”In ciò che sembriamo veniamo giudicati da tutti; in ciò che siamo da nessuno.”
-Friedrich Schiller.
Appannata dai giudizi creati oppure indotti dalla massa, la gente si limita tantissimo davanti alle opportunità che si presentano.
Oggi appariamo al posto di “essere”, ergo mostriamo un’immagine costruita di noi e giudicabile da vari punti di vista. Perchè c’è la tendenza a giudicare? Cosa sono i (pre)giudizi? Chi realmente può giudicarci?
Da cosa nascono i giudizi?
Filosofi, poeti e artisti hanno colto la “root” del giudizio: una mentalità chiusa – con filtri sociali – oppure la paura di inoltrarsi in qualcosa per scoprire cosa ci sia dietro.
Solitamente si giudica ciò che non è conforme alla realtà che interpretiamo, ergo ciò che ci sembra “strano”, attribuendo dei giudizi che non trovano corrispondenza nel soggetto in questione da un punto di vista oggettivo.
Il giudizio non conosce un limite, infatti oltre alle persone, è incluso principalmente in qualunque cosa che non si conosce a fondo, poiché il modo in cui la gente percepisce ed interpreta quello che vede e sente è sempre soggettivo.
Infatti, sin da piccoli siamo stati abituati a darci/dare risposte immediate a quello che vediamo, poiché richiede più tempo porci le domande “giuste”.
Tante volte giudichiamo come si è vestita una persona, come si comporta e persino come agisce in termini emotivi e psichici proprio perchè lo fa la gente che ci circonda, ma è raro che qualcuno dubiti sul proprio pensiero.
La cosa strana è che sia diventato così naturale farlo, al punto che non si ha la consapevolezza di ciò.
La ricerca di Cialdini
Cialdini nel suo libro parla del principio di “Ignoranza collettiva”, dove spiega il motivo per cui le persone, prese in massa, agiscono senza farsi domande su quello che pensano poiché se il pensiero viene appoggiato dalla massa allora è “giusto”.
Questa ricerca dimostra che tutto ciò che appaga l’aspetto sociale è ben visto – vestirsi con capi di abbigliamento costosi (poiché di marca), avere come scopo guadagnare più soldi possibile, ecc…
Insomma seguire gli schemi di una società che punta ad apparire nel migliore dei modi – mentre la gente che prende strade “incerte” o che insegue la propria felicità, all’inizio del percorso viene giudicata.
In conclusione, Cialdini ci fornisce una dimostrazione che l’atteggiamento che adottiamo viene influenzato dalla gente che ci sta intorno.
I social network non aiutano
“I social media danno diritto di parola a legioni di imbecilli che prima parlavano solo al bar dopo un bicchiere di vino, senza danneggiare la collettività.

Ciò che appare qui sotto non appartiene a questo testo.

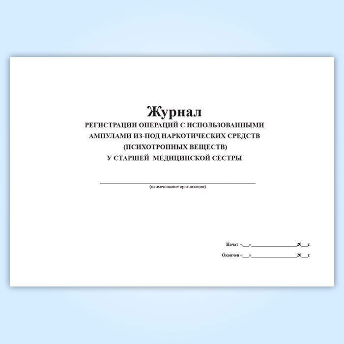 Журнал регистрации операций с использованными ампулами из-под наркотических средств (психотропных веществ) у старшей медицинской сестры в Альметьевске купить
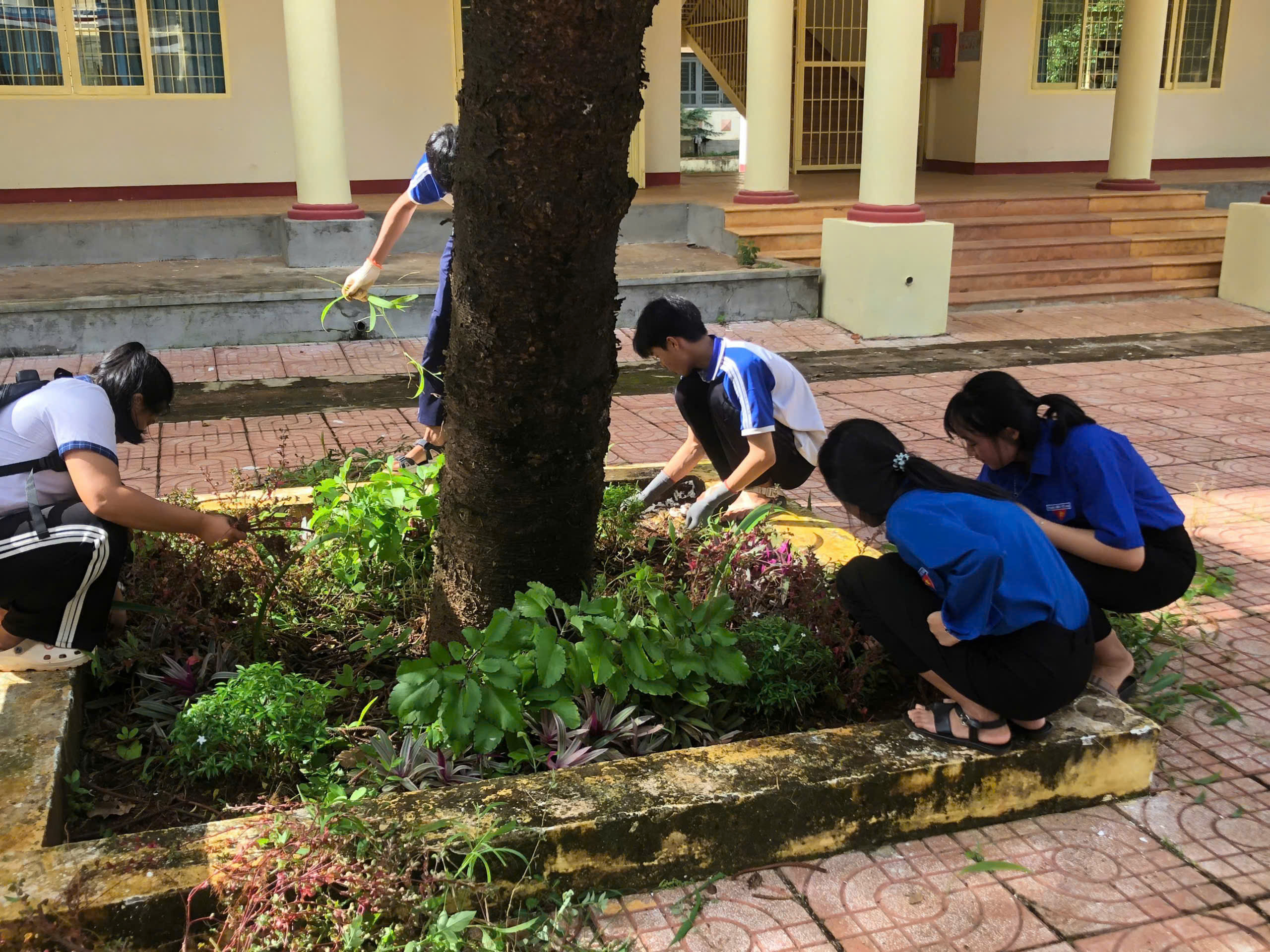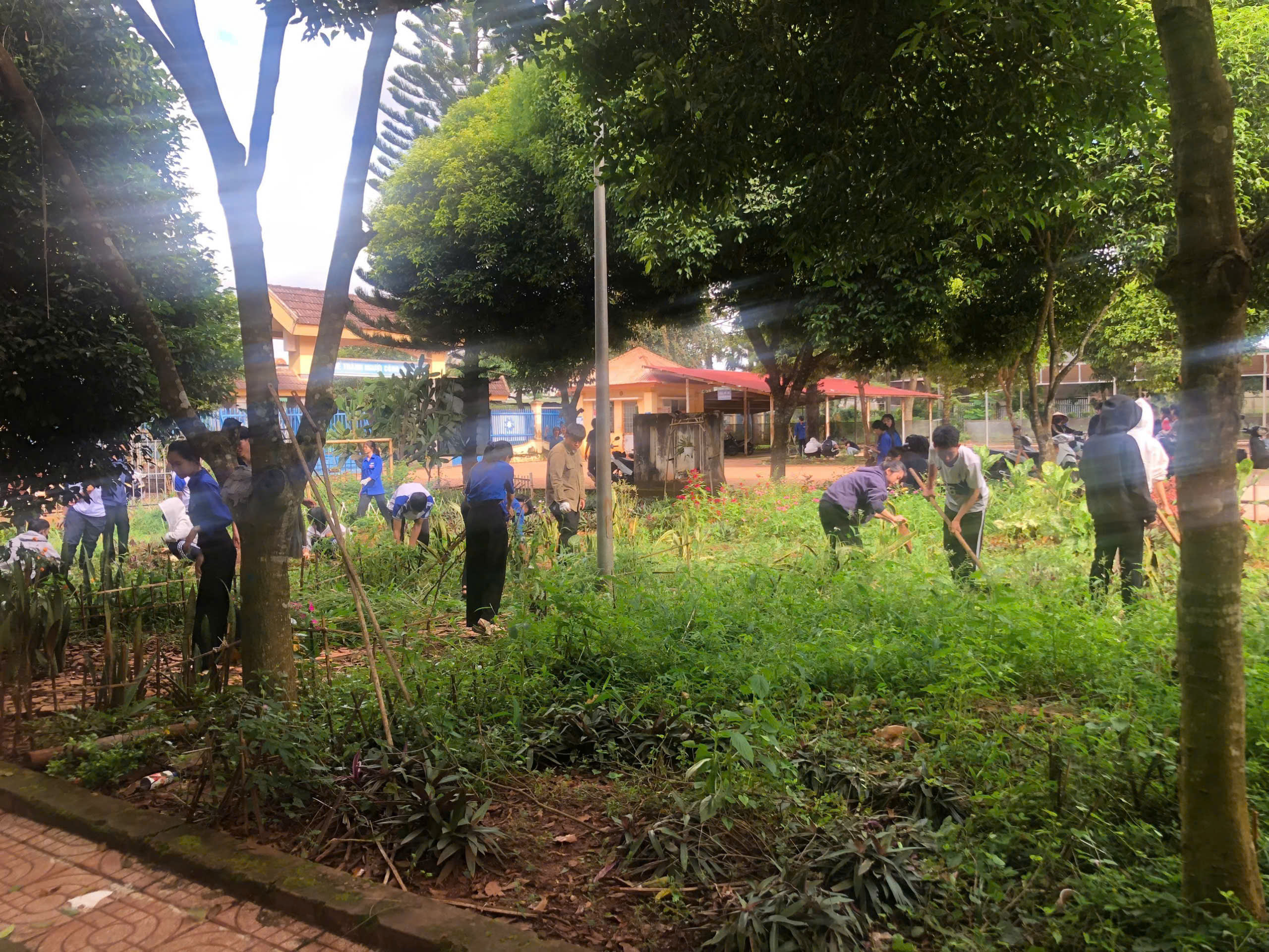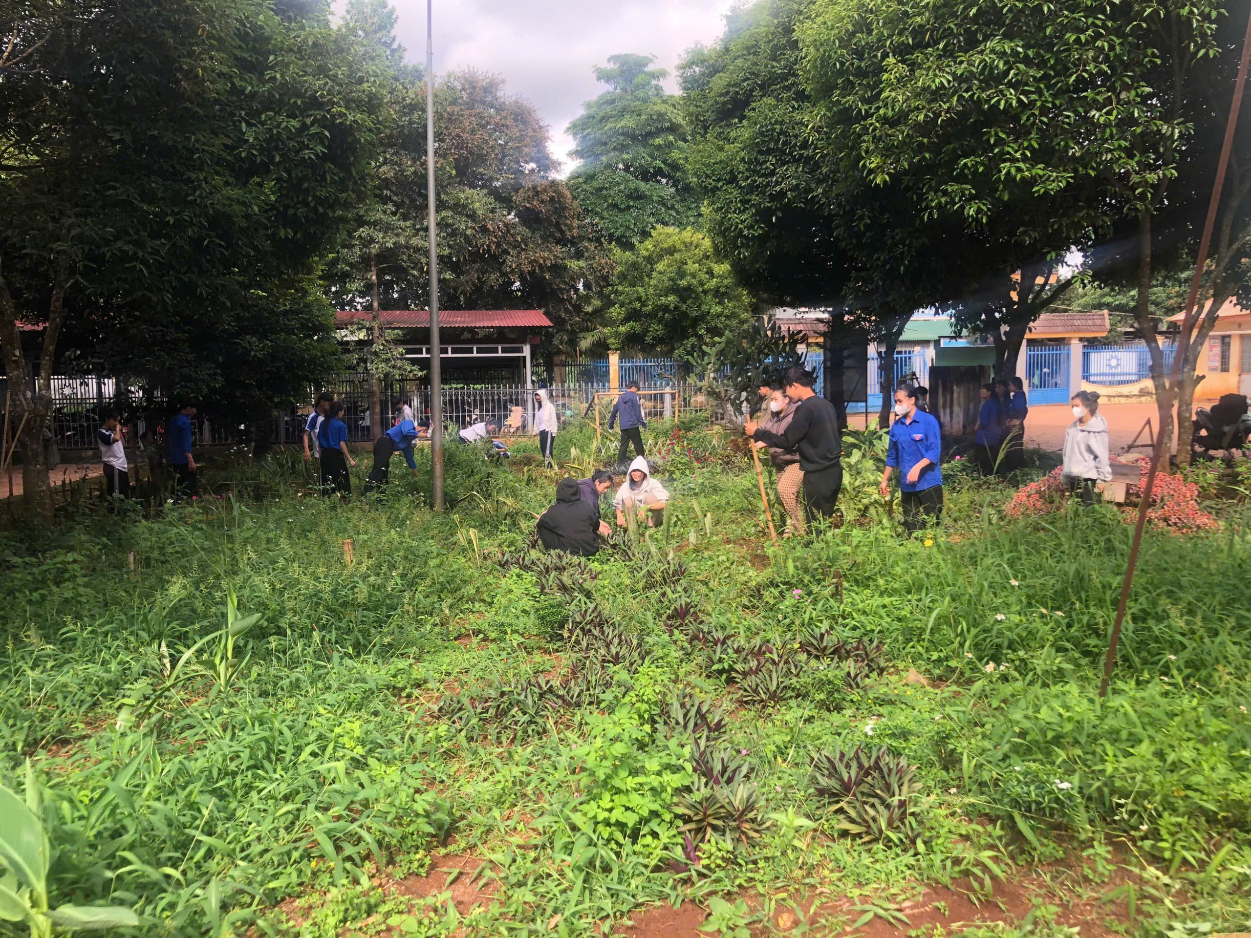 Trong buổi ra quân, các đoàn viên, thanh niên đã tiến hành phát quang bụi rậm, vệ sinh khuôn viên trường, chăm sóc bồn hoa khu vực công trình thanh niên và tuyên truyền nâng cao ý thức bảo vệ môi trường đến học sinh toàn trường.
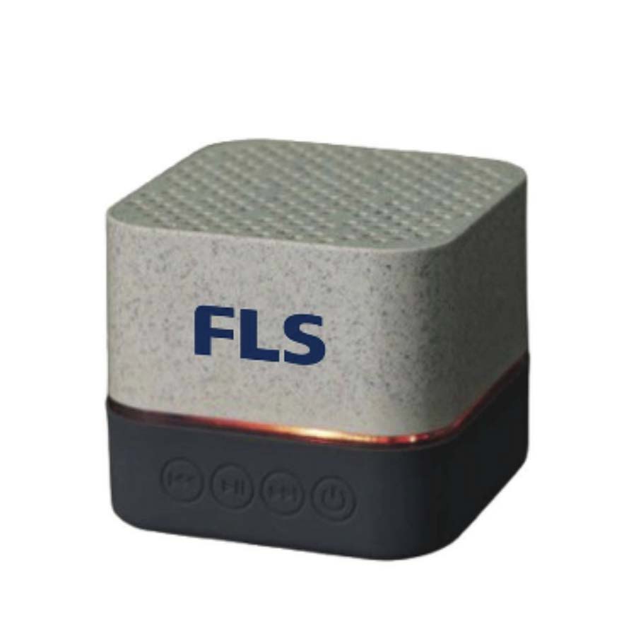 Parlante portátil con tecnología Bluetooth 5.0. Realizado en combinación de PP con Silicona y Wheat Straw, pasta de tallo de trigo, un material sustentable que reduce el consumo de plásticos vírgenes. Su peso es de 116gr, y entre sus características técnicas encontramos: Bateria de 300mAh. Poder del parlante:3W * 1. Frecuencia: 200Hz-20KHz. Conexión: 5V / 500mA. Distancia de alcance: 10 Metros. Medidas: 5,85 x 5,85 x 5,1 cm.
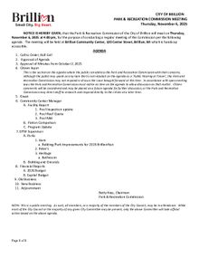 Park & Recreation Commission Meeting, Thursday, November 6, 2025 at 4:00pm. PDF Download "2. 2025 November 6 Agenda.pdf"
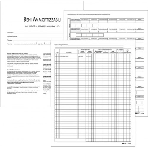 Registro cespiti ammortizzabili 45 pagine numerate. Formato 31 x 24,5 cm.
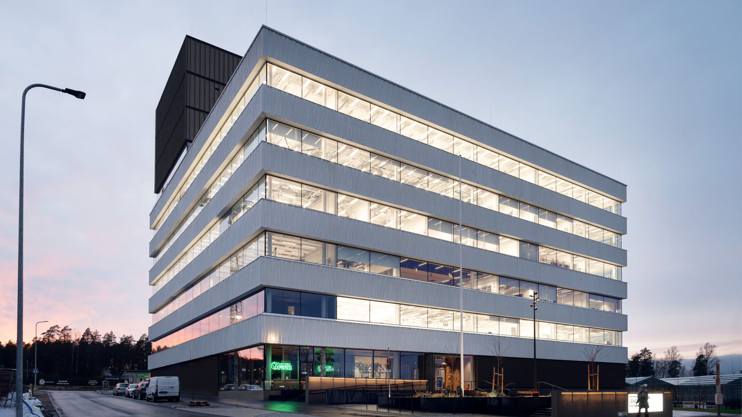 Suorakulmaisen rakennuksen peruskerrosten julkisivut ovat vaaleaa muotobetonia ja lasia.
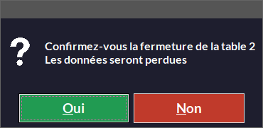 Confirmez pour clôturer la table (annule la saisie et ferme la table sans enregistrer les données).
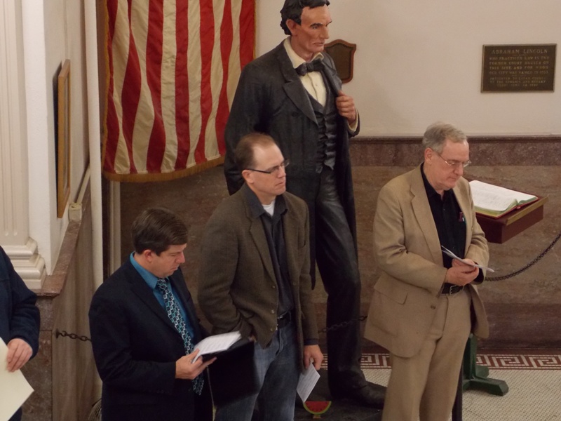 gathered in the rotunda of the Logan County Courthouse to observe
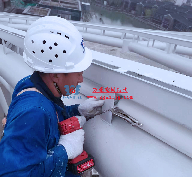文一塘溪津門天幕鋼結構及ETFE氣枕膜工程由寧波萬豪空間結構工程有限公司承建,該項目用鋼量900噸,膜結構展開面積7000平米。今年以來,萬豪施工團隊緊抓時間節點,工程進度推進迅速。

Venivano subito messi a tacere, mentre ora hanno lo stesso diritto di parola di un Premio Nobel. È l’invasione degli imbecilli”
– Umberto Eco.
Da un punto di vista sociale, la gente è persuasa dalla potenza dei social.
Infatti, come già citato in un precedente articolo, il fatto che la gente possa giudicare le foto o le stories di una persona non è completamente negativo, ma dipende con quale fine lo fa.
Per esempio, se il fine è di soddisfare il proprio ego, allora si finirà in una spirale di felicità momentanea, che porterà solo ad alimentare un circolo vizioso di negatività.
E’ diverso invece se lo scopo è di condividere qualcosa che genera emozioni “belle”, curiosità e fa nascere in modo spontaneo riflessione su un possibili questioni.
Poiché i social ci danno la possibilità di attribuire un giudizio a qualcuno, sarà spontaneo allora, partire con un pregiudizio quando incroceremo la sua strada.
Il giudice interiore
L’unica persona che possiamo giudicare siamo noi stessi, poiché dovremmo (in teoria) essere la persona che conosciamo meglio.
Molto spesso non lo facciamo perché permettiamo al “giudice interiore“ di prendere il controllo di ciò che diciamo, senza pensarci due volte se sia la scelta giusta.
Il giudice interiore prende il sopravvento poiché non conosciamo abbastanza noi stessi.
Il fattore che non ci permette di maturare una consapevolezza per eliminare i pregiudizi è legato all’inesistenza di un percorso di crescita personale oppure a una mentalità chiusa.
Ciò ci catapulta a non essere consapevoli di quello che ci gira in testa o quello che le emozioni mascherano e quindi finiamo per proiettare tutto all’esterno.
L’unico modo per abolire i giudizi è impegnarsi a conoscere meglio le cose o qualcuno, che sia un estraneo, un amico o noi stessi.